Капельница заканчивается, проходит мучительно долгая череда незначительных процедур, вроде измерения температуры или давления, и двери в палату, наконец, открываются.
Мама, папа, Гаспар. Первыми я вижу их, мою семью, по которой я даже не успела соскучиться, но у которой за эти дни пролетели три маленькие страшные жизни. Я не узнаю их усталых, все ещё испуганных лиц.
«Мы так испугались!»
«Мы так долго ждали!»
«Как же страшно было бы тебя потерять!»
Я и сама не могла сдержать слез облегчения, глядя на них. До этого момента я не понимала, как страшно то, что произошло.
Я могла умереть.
А они бы тогда что?
— Ты что-то помнишь? — это папа, необычайно внимательный.
— Нет, я даже не помню блондинка это была или брюнетка, — голова начинает болеть, и я тороплюсь зарыться под одеяло до самого носа.
— Это была девушка? — Кайд гладит мой лоб и убирает упавшие на лицо пряди. Так спокойно. При родителях? Мир перевернулся вверх тормашками, да?

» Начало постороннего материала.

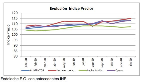 Para el mes de diciembre 2020 se observa que entre los productos con mayor incidencia al alza aparece el queso, registrando una variación que fue de un 1,1%. Por otra parte, dentro de los productos con una mayor incidencia a la baja, dentro de los alimentos, no aparece ningún producto lácteo.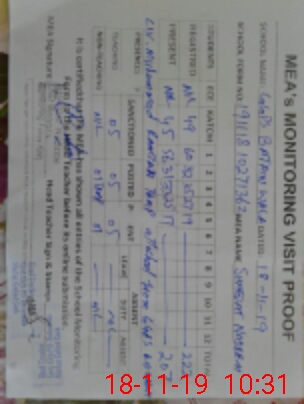 | Monitoring Date: 18-11-2019 | Start Time: 18-11-2019 09:25 AM | End Time: 18-11-2019 10:34 AM | Name of MEA: Sh**** Na**** | |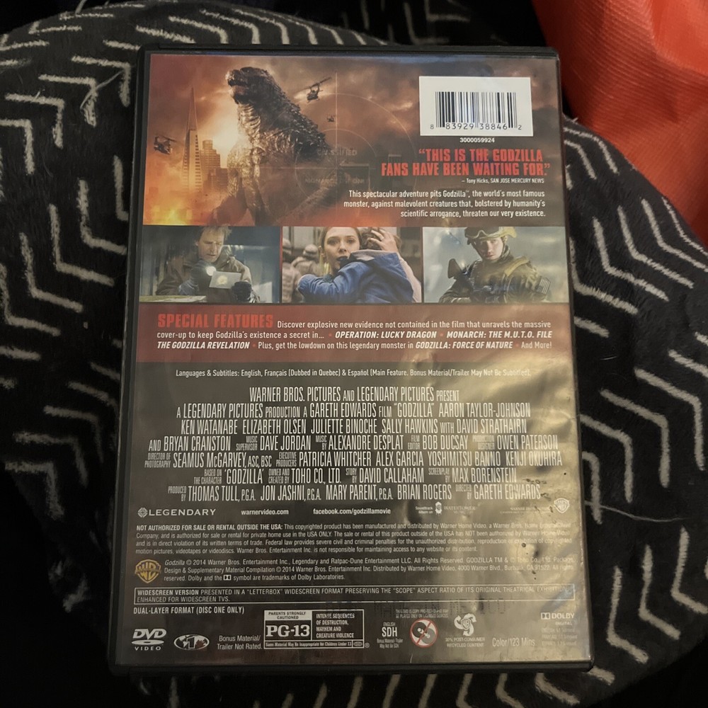 This Godzilla DVD is a must-have for fans of action, adventure, and science fiction. The 2014 movie directed by Gareth Edwards features Aaron Taylor-Johnson and is rated PG-13. With a run time of 123 minutes, this DVD is sure to keep you entertained. The case of this DVD is a tall/DVD case and it includes subtitles in English, French, and Spanish. Produced by Warner Home Video and Thomas Tull, this DVD is in English language and was manufactured in the United States. Add this incredible movie to your collection today!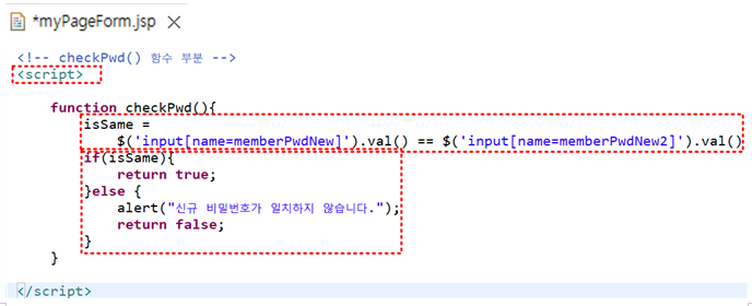 - 첫 번째 input 태그의 .val() 값과 vs 두 번째 input 태그의 .val() 값을 비교해서 - return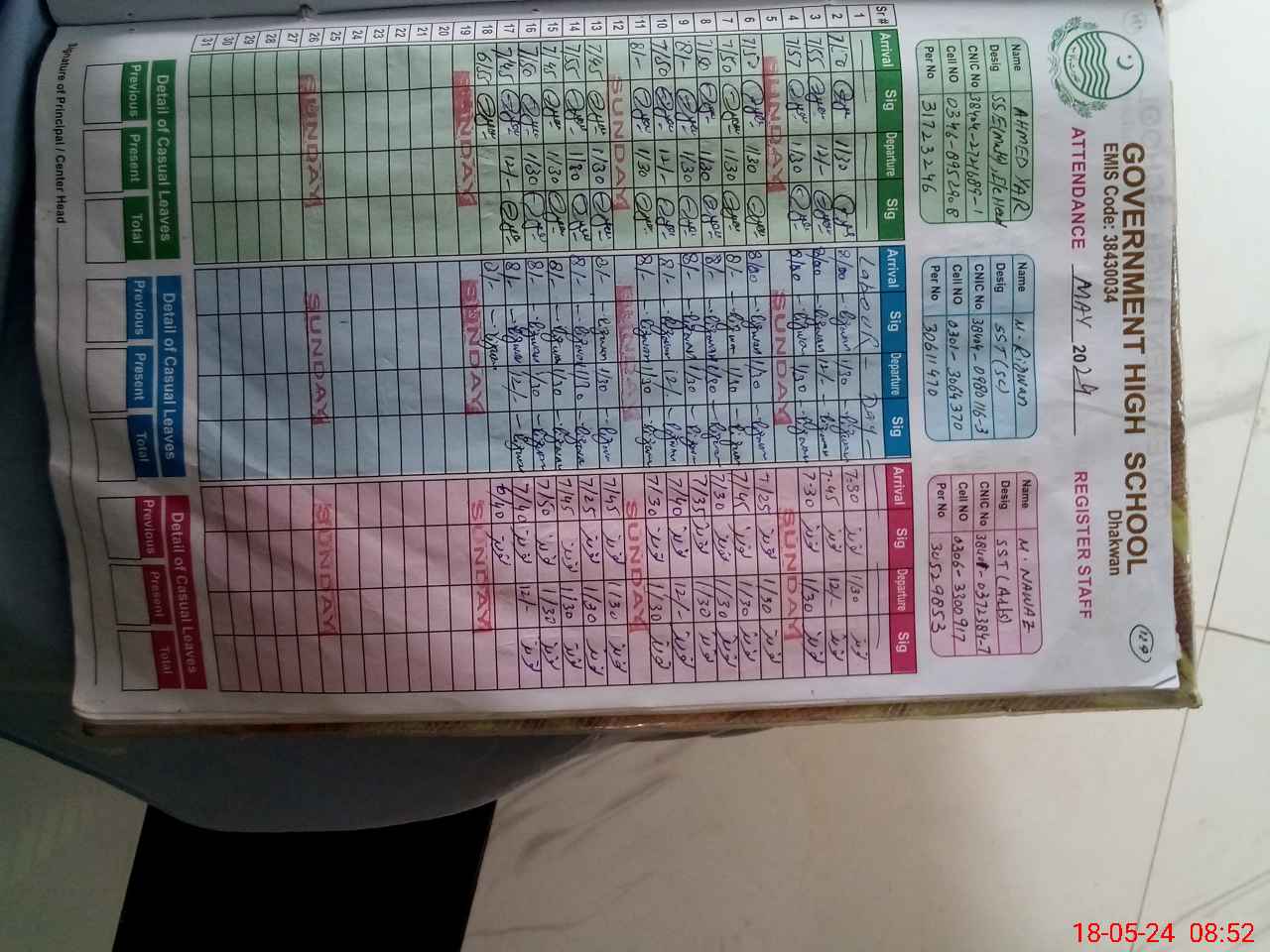 | CNIC | Full Name | Designation | R/C | Absence during last cal. month |

— Да, я уверена, что девушка. Вообще это было странно. Я не помню самой аварии, как будто отключилась ещё до того, как это случилось. Мне снилось, что ты отправил за мной Бойда, и он везёт меня в университет на практику. А потом он повернулся ко мне и попросил прощения, это всё, что я помню. Но я уверена, что за рулём машины была девушка. Это что-то вроде подсознания, наверное. Вы что-то выяснили?
— Ничего. Виновника… или виновницу ищут.
Народ расходится, а потом собирается новый. Теперь ребята из клуба. На этот раз причитания на тему: "На кого ты нас покинула?". Все в ужасе смотрят на мистера Ли, хотя уж они-то ближе всего знакомы с нашими "похождениями по каморкам".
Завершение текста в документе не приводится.